*Work order*. For this exercise, transcribe every line of the material exactly and skip the pictures.

*Records supplied*.
-- -- --
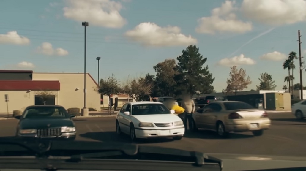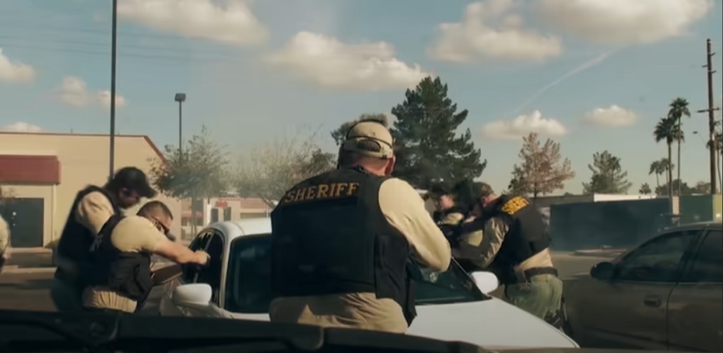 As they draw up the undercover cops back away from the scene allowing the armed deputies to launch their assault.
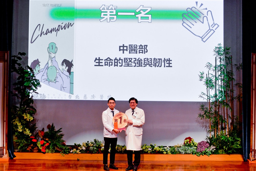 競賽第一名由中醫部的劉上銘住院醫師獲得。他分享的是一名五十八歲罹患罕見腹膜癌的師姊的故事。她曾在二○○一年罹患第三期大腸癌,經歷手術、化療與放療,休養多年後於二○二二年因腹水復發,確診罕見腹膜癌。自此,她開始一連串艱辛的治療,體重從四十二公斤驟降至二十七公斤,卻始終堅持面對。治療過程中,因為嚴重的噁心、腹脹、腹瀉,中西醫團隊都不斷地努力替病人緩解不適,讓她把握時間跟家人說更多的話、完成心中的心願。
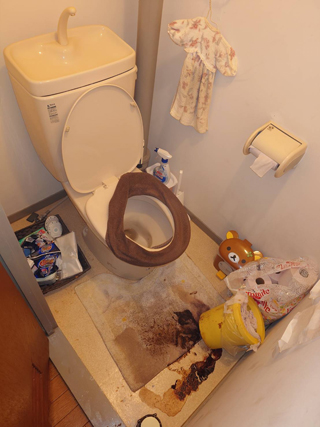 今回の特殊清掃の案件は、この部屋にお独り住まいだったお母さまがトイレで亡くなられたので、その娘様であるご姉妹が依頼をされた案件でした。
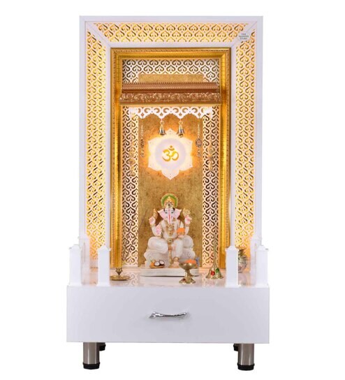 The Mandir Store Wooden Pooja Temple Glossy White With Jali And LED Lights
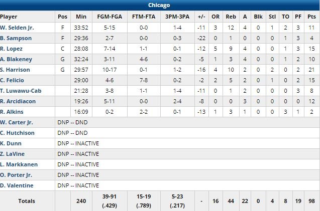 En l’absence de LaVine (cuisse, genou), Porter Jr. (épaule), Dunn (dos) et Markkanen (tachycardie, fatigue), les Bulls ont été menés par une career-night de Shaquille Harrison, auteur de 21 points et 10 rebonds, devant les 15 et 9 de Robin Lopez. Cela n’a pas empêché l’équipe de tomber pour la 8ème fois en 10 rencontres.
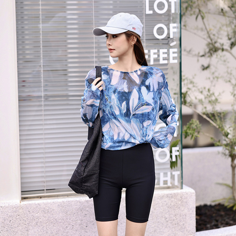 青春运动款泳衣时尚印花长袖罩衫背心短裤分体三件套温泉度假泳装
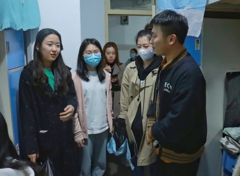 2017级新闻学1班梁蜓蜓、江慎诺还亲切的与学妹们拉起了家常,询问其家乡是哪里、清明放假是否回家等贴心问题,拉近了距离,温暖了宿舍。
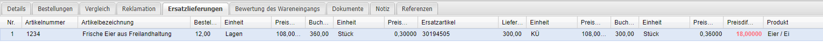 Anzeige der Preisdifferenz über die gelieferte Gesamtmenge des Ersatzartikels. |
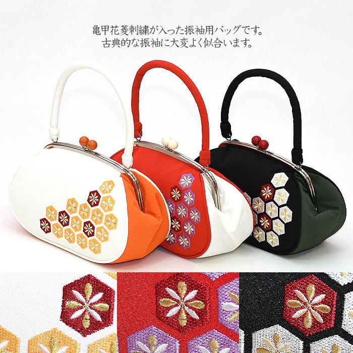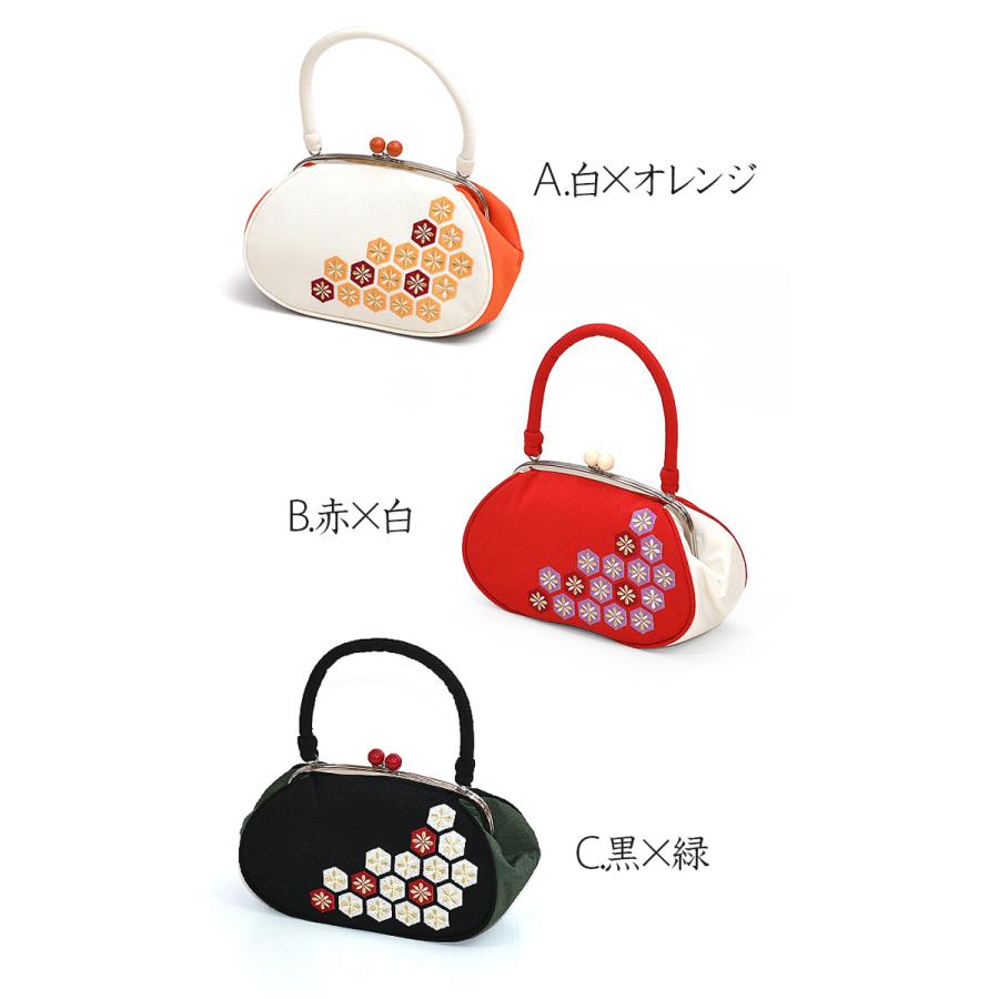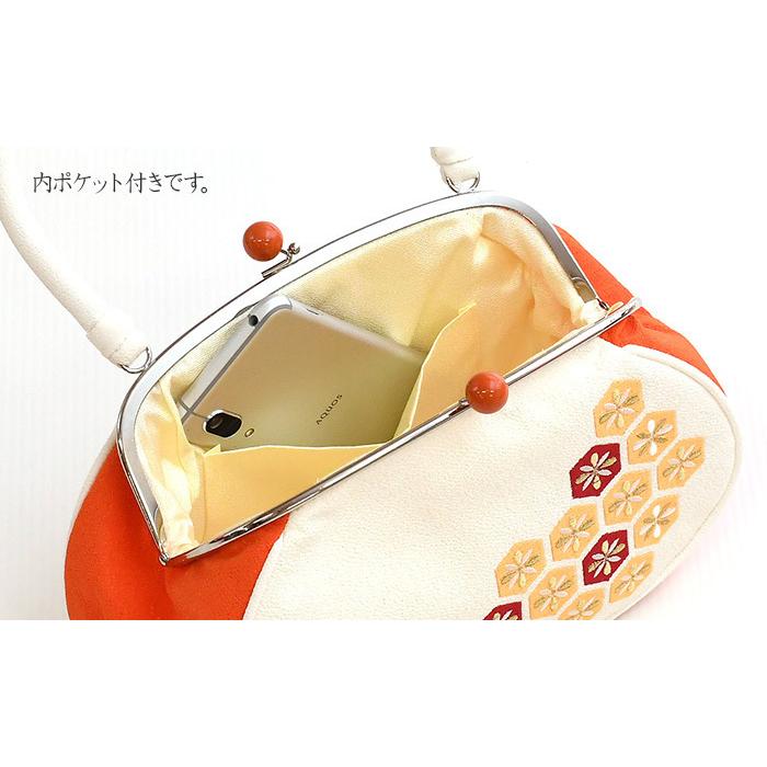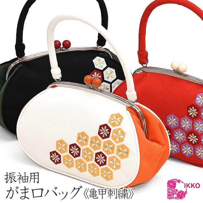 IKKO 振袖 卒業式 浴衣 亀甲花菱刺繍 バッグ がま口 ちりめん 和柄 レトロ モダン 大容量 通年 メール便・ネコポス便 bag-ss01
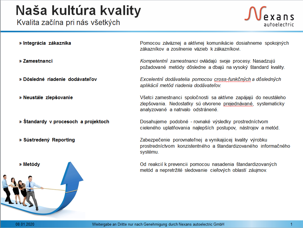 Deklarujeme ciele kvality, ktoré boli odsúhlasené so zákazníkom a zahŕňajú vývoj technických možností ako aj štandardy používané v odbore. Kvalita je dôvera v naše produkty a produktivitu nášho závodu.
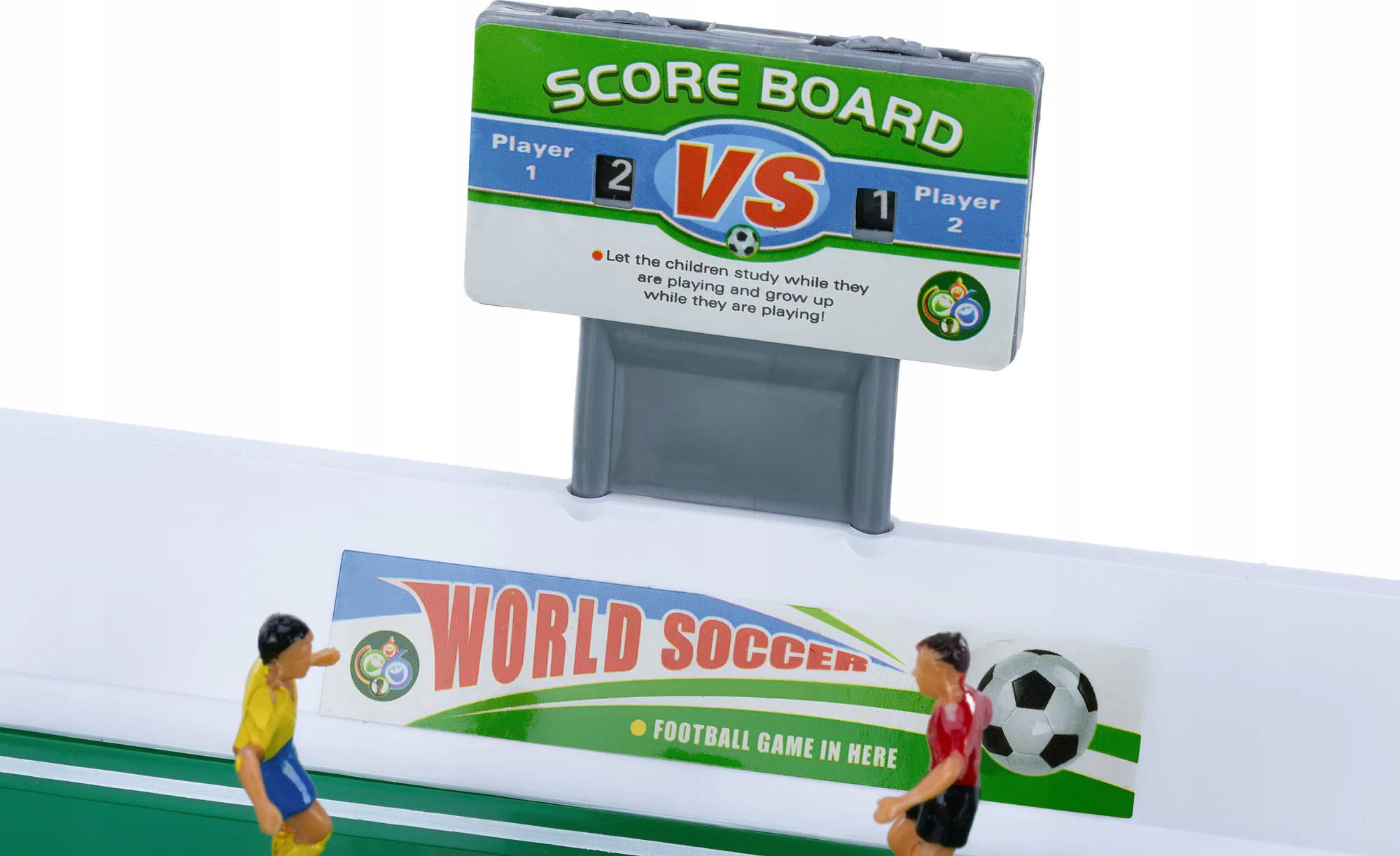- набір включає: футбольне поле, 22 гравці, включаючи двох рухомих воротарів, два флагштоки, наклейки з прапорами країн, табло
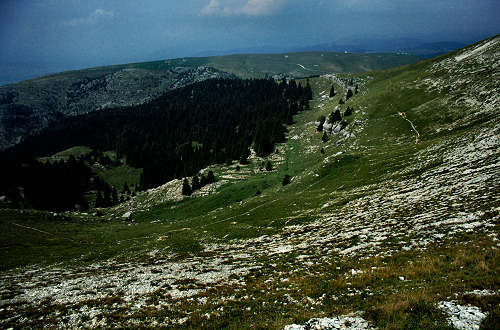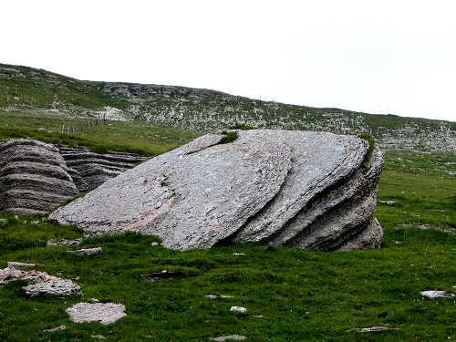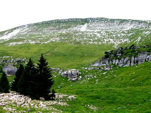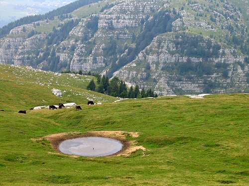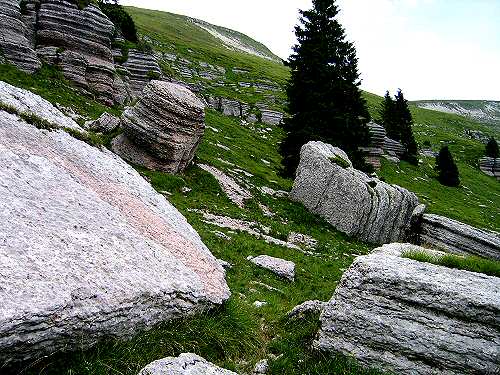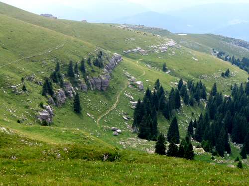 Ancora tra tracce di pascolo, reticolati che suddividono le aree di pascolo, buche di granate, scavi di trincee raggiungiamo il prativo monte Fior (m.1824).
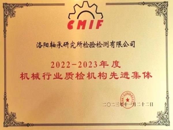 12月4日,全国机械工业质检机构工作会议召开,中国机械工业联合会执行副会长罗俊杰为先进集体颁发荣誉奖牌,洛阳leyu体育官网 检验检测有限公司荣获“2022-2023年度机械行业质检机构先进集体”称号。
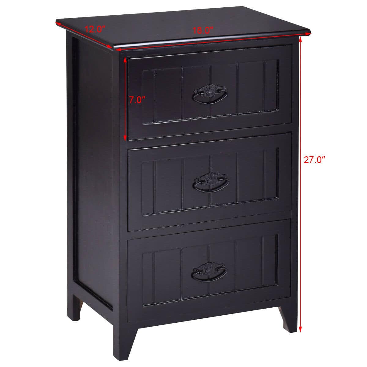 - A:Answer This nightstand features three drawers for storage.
-- -- --
*Completed task*.
 As they draw up the undercover cops back away from the scene allowing the armed deputies to launch their assault.
 競賽第一名由中醫部的劉上銘住院醫師獲得。他分享的是一名五十八歲罹患罕見腹膜癌的師姊的故事。她曾在二○○一年罹患第三期大腸癌,經歷手術、化療與放療,休養多年後於二○二二年因腹水復發,確診罕見腹膜癌。自此,她開始一連串艱辛的治療,體重從四十二公斤驟降至二十七公斤,卻始終堅持面對。治療過程中,因為嚴重的噁心、腹脹、腹瀉,中西醫團隊都不斷地努力替病人緩解不適,讓她把握時間跟家人說更多的話、完成心中的心願。
 今回の特殊清掃の案件は、この部屋にお独り住まいだったお母さまがトイレで亡くなられたので、その娘様であるご姉妹が依頼をされた案件でした。
 The Mandir Store Wooden Pooja Temple Glossy White With Jali And LED Lights
 En l’absence de LaVine (cuisse, genou), Porter Jr. (épaule), Dunn (dos) et Markkanen (tachycardie, fatigue), les Bulls ont été menés par une career-night de Shaquille Harrison, auteur de 21 points et 10 rebonds, devant les 15 et 9 de Robin Lopez. Cela n’a pas empêché l’équipe de tomber pour la 8ème fois en 10 rencontres.
 青春运动款泳衣时尚印花长袖罩衫背心短裤分体三件套温泉度假泳装
 2017级新闻学1班梁蜓蜓、江慎诺还亲切的与学妹们拉起了家常,询问其家乡是哪里、清明放假是否回家等贴心问题,拉近了距离,温暖了宿舍。
 Anzeige der Preisdifferenz über die gelieferte Gesamtmenge des Ersatzartikels. |
 IKKO 振袖 卒業式 浴衣 亀甲花菱刺繍 バッグ がま口 ちりめん 和柄 レトロ モダン 大容量 通年 メール便・ネコポス便 bag-ss01
 Deklarujeme ciele kvality, ktoré boli odsúhlasené so zákazníkom a zahŕňajú vývoj technických možností ako aj štandardy používané v odbore. Kvalita je dôvera v naše produkty a produktivitu nášho závodu.
- набір включає: футбольне поле, 22 гравці, включаючи двох рухомих воротарів, два флагштоки, наклейки з прапорами країн, табло
 Ancora tra tracce di pascolo, reticolati che suddividono le aree di pascolo, buche di granate, scavi di trincee raggiungiamo il prativo monte Fior (m.1824).
 12月4日,全国机械工业质检机构工作会议召开,中国机械工业联合会执行副会长罗俊杰为先进集体颁发荣誉奖牌,洛阳leyu体育官网 检验检测有限公司荣获“2022-2023年度机械行业质检机构先进集体”称号。
 - A:Answer This nightstand features three drawers for storage.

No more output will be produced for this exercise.